* _PROBLEM REQUIREMENTS_
Word for word, set down every line of the entries below from the line with "Sem mais, E" to the line with "നീതു എലിസബേത്ത് തോമസ്, പടിഞ്ഞാറേത്തരുവ്", including both, and no other line.

* _TASK INPUT_
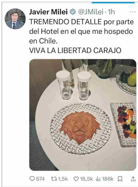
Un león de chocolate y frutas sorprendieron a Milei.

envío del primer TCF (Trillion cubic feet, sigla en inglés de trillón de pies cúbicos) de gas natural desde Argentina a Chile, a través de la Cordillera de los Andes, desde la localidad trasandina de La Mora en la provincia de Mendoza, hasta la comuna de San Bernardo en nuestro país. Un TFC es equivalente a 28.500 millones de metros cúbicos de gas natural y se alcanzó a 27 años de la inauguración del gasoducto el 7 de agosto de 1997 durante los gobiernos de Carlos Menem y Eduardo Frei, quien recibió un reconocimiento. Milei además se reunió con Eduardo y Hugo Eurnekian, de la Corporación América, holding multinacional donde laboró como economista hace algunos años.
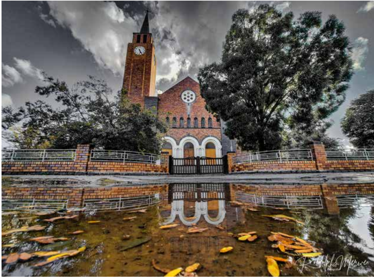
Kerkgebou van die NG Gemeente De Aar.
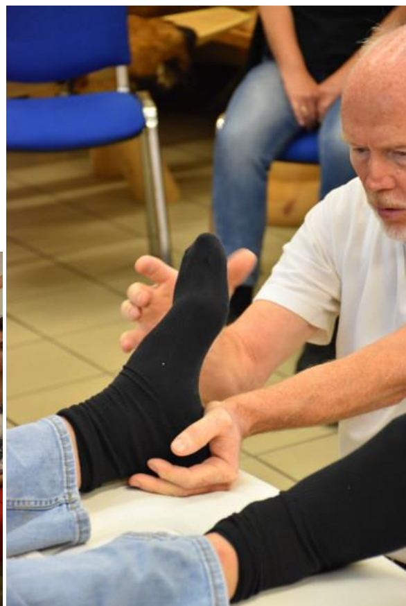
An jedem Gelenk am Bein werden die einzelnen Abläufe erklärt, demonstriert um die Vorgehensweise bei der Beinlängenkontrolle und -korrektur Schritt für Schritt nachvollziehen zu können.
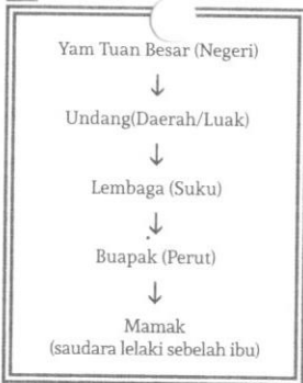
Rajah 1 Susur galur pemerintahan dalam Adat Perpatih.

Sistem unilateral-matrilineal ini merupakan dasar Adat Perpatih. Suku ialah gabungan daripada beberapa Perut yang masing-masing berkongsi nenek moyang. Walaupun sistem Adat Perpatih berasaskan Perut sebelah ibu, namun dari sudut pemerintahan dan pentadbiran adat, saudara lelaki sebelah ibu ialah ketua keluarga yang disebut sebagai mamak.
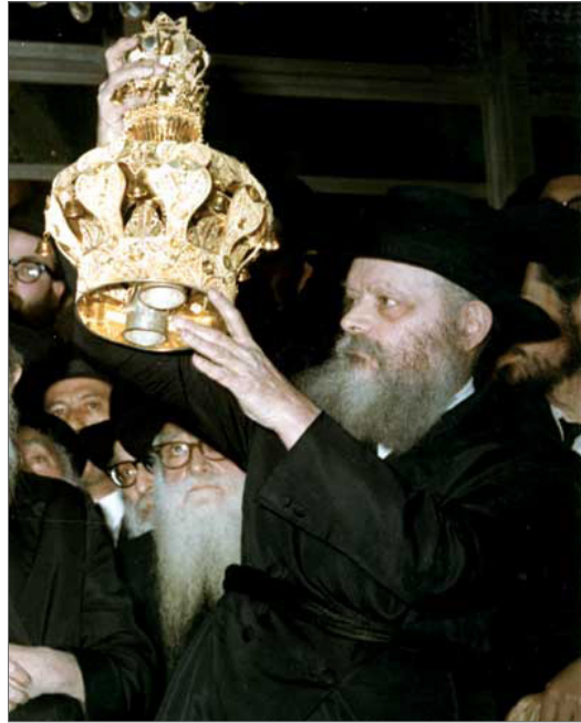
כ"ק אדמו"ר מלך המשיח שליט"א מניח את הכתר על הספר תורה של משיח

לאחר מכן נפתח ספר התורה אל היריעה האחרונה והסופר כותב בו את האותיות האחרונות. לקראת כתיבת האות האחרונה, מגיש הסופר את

...

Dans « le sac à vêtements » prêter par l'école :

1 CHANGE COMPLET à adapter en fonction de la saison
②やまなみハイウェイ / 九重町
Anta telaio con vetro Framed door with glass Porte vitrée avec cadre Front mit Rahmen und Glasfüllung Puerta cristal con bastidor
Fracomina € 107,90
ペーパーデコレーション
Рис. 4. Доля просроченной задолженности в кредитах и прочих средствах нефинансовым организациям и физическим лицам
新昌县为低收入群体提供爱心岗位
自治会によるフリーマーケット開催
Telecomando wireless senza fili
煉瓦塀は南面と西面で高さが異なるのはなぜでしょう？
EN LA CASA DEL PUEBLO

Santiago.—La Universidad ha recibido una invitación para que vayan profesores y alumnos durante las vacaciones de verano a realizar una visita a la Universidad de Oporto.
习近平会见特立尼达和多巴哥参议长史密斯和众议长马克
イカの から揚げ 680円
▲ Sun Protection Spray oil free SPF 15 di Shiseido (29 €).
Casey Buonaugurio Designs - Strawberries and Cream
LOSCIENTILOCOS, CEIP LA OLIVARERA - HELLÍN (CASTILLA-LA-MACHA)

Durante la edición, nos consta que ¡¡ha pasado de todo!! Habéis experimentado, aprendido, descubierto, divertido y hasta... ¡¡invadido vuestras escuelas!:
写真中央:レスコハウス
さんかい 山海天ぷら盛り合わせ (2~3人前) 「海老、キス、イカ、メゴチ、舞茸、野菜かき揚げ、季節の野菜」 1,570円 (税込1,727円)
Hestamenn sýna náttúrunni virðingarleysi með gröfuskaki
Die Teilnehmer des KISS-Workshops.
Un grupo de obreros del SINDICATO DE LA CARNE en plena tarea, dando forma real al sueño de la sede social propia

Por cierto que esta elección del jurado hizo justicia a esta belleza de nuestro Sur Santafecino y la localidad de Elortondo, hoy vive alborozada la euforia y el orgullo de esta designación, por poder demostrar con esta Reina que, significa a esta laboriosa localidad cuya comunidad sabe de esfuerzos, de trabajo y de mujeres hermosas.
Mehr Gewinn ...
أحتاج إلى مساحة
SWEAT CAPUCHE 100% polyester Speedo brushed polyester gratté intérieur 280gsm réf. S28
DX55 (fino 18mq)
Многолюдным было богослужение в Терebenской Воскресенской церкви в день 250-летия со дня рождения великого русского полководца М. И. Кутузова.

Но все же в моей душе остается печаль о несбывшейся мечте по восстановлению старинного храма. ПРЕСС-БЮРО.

--

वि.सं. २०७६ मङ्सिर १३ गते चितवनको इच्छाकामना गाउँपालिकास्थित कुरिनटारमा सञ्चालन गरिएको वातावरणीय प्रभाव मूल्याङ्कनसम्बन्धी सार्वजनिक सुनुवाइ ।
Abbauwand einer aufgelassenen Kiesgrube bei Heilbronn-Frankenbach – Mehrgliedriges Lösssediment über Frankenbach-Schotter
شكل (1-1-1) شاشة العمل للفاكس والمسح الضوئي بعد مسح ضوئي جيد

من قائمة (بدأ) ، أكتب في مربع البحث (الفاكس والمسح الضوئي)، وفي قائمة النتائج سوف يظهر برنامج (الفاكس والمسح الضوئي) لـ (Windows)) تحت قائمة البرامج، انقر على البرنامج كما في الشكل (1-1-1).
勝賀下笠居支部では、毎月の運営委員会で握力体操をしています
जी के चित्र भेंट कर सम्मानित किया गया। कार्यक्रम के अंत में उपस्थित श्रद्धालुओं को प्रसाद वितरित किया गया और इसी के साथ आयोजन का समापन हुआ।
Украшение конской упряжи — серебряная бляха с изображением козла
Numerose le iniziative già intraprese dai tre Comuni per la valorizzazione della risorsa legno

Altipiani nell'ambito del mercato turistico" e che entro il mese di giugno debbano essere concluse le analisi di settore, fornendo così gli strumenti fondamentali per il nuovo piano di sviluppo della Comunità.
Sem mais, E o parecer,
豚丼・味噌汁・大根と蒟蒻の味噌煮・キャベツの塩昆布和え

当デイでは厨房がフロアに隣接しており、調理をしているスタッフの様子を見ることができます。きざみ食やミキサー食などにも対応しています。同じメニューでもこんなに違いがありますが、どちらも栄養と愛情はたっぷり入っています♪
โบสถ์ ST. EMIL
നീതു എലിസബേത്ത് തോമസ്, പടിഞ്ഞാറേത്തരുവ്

* _TASK ANSWER_
Sem mais, E o parecer,
豚丼・味噌汁・大根と蒟蒻の味噌煮・キャベツの塩昆布和え

当デイでは厨房がフロアに隣接しており、調理をしているスタッフの様子を見ることができます。きざみ食やミキサー食などにも対応しています。同じメニューでもこんなに違いがありますが、どちらも栄養と愛情はたっぷり入っています♪
โบสถ์ ST. EMIL
നീതു എലിസബേത്ത് തോമസ്, പടിഞ്ഞാറേത്തരുവ്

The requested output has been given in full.